Depois de levar a menina para o quarto, Yin Xiu saiu sozinho para averiguar a estrutura da casa. Lembrava que as regras mencionavam um porão, então vasculhou o local, até encontrar, no salão do térreo, uma porta secreta. Ficava sob a escada, não muito escondida, mas quem não procurasse atentamente jamais notaria; certamente, era a entrada para o porão.

Perto da entrada, muitas pinturas cobriam a parede, tão juntas que quase a preenchiam por inteiro. Desde que Yin Xiu ali chegara, sentia-se observado por todos aqueles olhares invisíveis, uma sensação que não desaparecia. Mas, ao encarar os quadros, via apenas rostos belos e delicados, emoldurados de diversos tamanhos.

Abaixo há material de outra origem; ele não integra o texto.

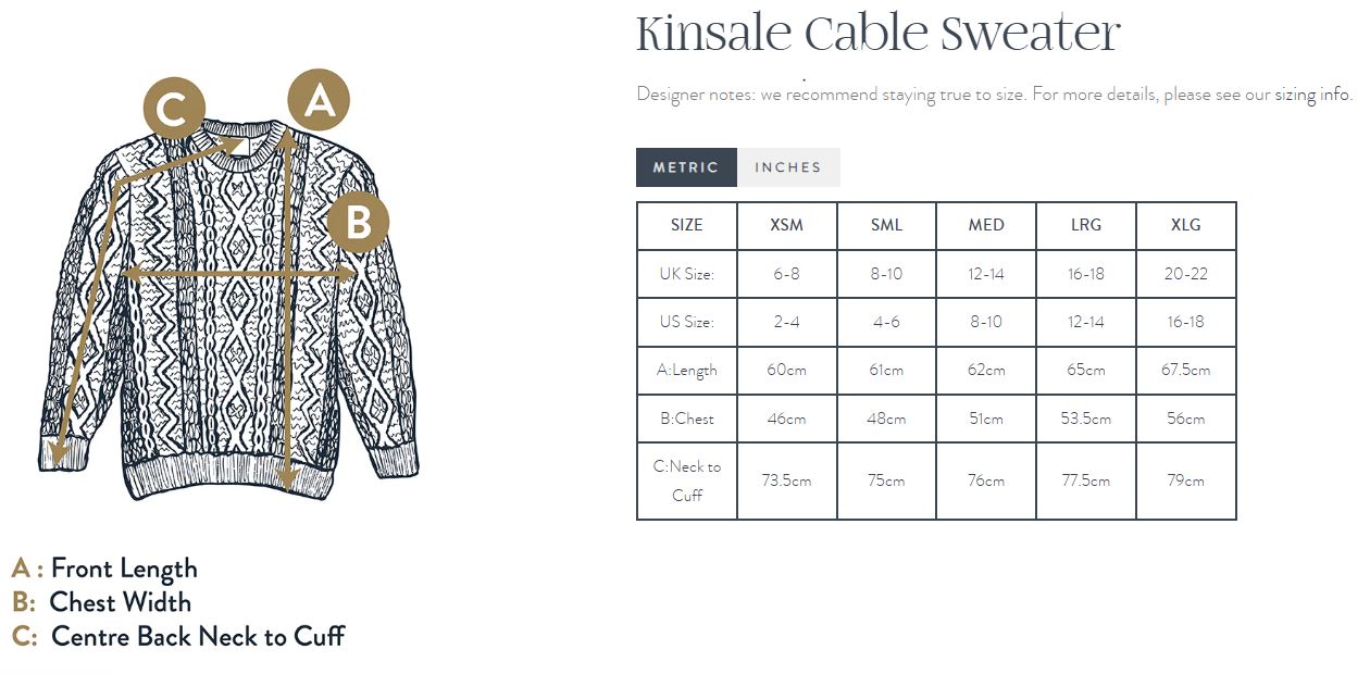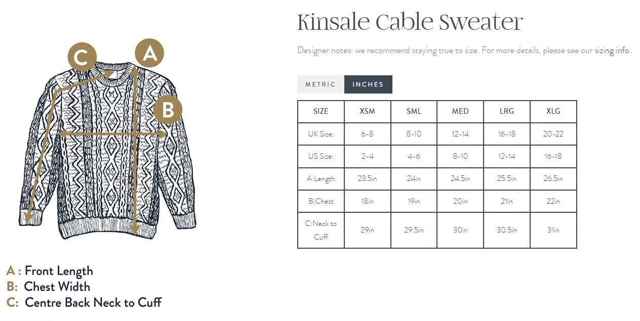 Balancing comfort and warmth with beauty and style, the Kinsale Cable Aran Sweater is the perfect companion throughout all seasons.

Uma parede repleta de rostos, todos com a mesma expressão, era inevitavelmente perturbadora. Yin Xiu deixou de encarar diretamente as pinturas e tateou as frestas da parede, empurrando levemente a porta, que cedeu com facilidade; não estava trancada.

Ir ou não ao porão dependia unicamente da consciência dos jogadores. Quando as regras alertavam para não descer e um local perigoso não tinha qualquer proteção, era certo que ali residia algum perigo; bastava um passo em falso para que tudo mudasse.

Ainda não era o momento de explorar. Yin Xiu largou a porta, recuando para sair.

Ao virar-se, ouviu atrás de si um leve som de algo caindo. Olhou para trás e viu que uma das pinturas havia despencado, e parecia haver algo colado em seu verso.

Abaixou-se, pegou e examinou: era uma fotografia. Mostrava como era aquele lugar antigamente, com moradores ocupados e alegres no vilarejo recém-construído, todos sorrindo e tirando fotos na praça. Ao fundo, não havia a estátua da mulher nem a casa onde agora estavam. Os rostos irradiavam harmonia e felicidade, sem traço algum da atmosfera tensa e sombria que reinava durante o dia.

Havia, inclusive, um ou dois rostos familiares, facilmente reconhecíveis nos quadros ao redor.

Aquele vilarejo repleto de horrores parecia ter sido, antes, apenas um lugar comum. A mudança provavelmente veio com o surgimento da estátua na praça e da casa onde agora residiam.

A sensação de ser observado não se dissipara. As figuras das pinturas, embora não invadissem sua mente como antes, mantinham uma presença constante, tentando atrair novamente a atenção de Yin Xiu, que começava a sentir a mente turva.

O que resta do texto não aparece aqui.